Activity >> Beginning at the line that contains "지옥 순례'라고 불리는", reproduce the entries below exactly, ending with the line that contains "Change the Reddit". Omit each picture.

Record extracts >>
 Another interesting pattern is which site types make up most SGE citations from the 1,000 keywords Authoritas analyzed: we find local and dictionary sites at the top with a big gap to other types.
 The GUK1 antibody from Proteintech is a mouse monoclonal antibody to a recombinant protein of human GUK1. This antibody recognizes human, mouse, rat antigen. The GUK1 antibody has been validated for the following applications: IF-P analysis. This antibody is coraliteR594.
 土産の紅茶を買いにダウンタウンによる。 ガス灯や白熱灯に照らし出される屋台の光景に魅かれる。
--
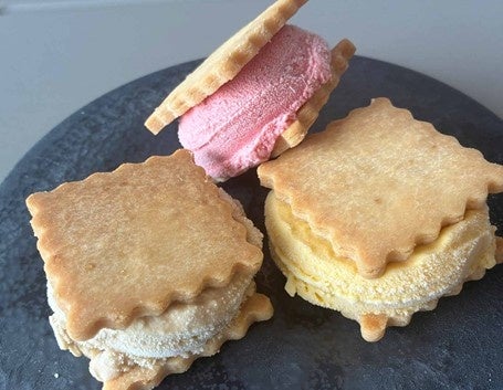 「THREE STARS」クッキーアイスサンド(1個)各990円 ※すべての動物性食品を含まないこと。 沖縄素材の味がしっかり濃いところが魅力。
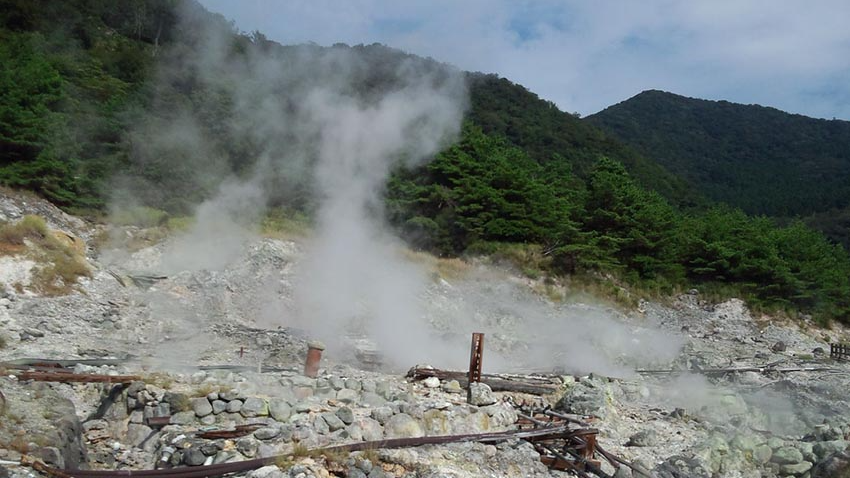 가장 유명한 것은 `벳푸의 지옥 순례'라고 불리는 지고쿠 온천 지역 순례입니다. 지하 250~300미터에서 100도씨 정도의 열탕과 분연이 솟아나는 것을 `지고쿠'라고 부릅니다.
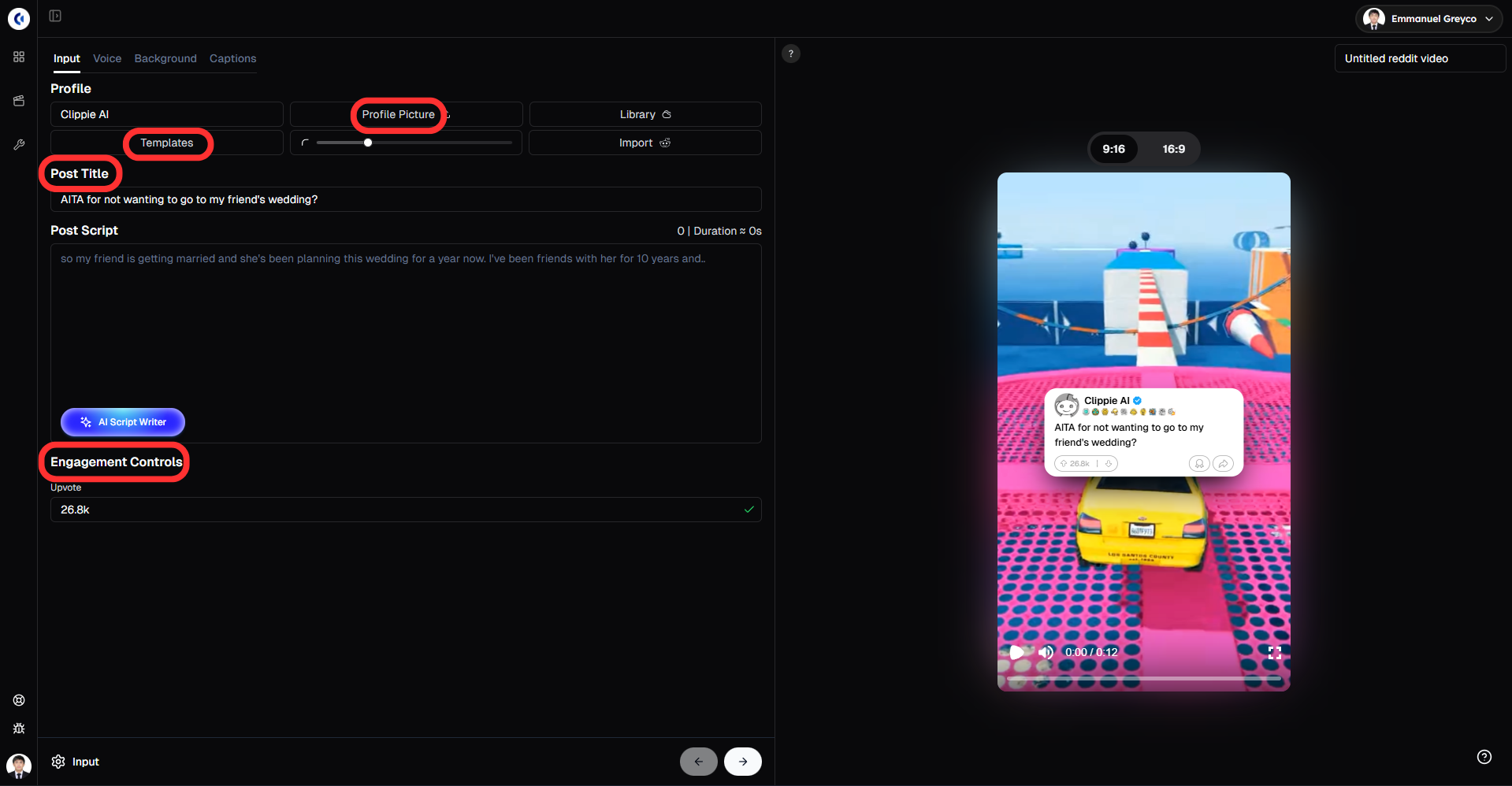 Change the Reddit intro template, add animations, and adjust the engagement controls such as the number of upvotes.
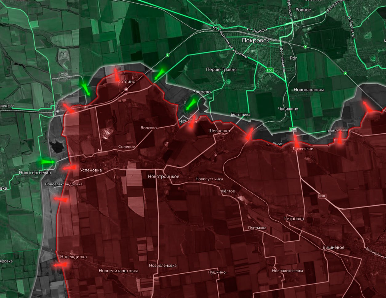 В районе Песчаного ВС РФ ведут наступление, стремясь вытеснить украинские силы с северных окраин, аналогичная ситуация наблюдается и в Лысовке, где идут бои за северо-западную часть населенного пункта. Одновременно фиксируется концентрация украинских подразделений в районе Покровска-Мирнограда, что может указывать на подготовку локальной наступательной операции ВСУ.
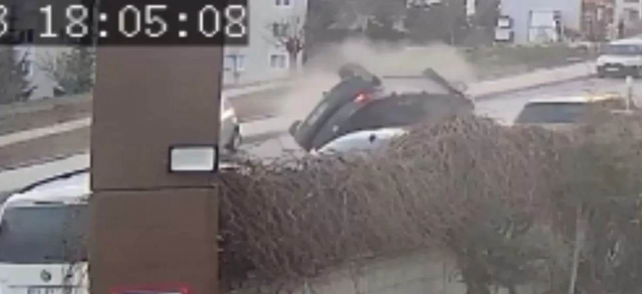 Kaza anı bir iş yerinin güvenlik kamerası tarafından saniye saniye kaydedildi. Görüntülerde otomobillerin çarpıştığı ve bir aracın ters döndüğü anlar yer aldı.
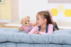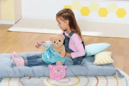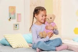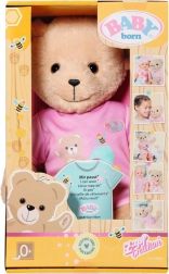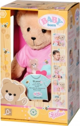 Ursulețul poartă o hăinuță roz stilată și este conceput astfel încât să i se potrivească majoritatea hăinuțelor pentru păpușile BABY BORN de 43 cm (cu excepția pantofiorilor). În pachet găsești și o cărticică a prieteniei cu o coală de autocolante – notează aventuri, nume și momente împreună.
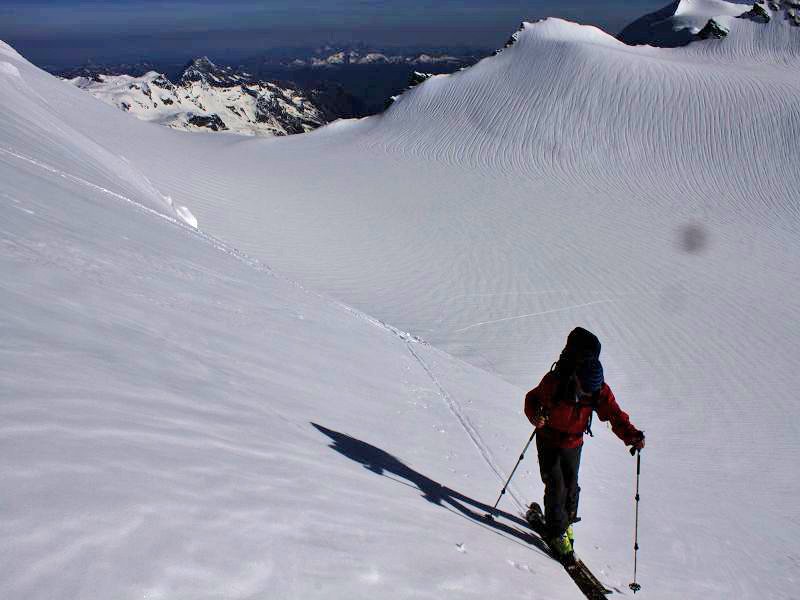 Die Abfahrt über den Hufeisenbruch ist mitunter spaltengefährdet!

Answer to this task >>
 가장 유명한 것은 `벳푸의 지옥 순례'라고 불리는 지고쿠 온천 지역 순례입니다. 지하 250~300미터에서 100도씨 정도의 열탕과 분연이 솟아나는 것을 `지고쿠'라고 부릅니다.
 Change the Reddit intro template, add animations, and adjust the engagement controls such as the number of upvotes.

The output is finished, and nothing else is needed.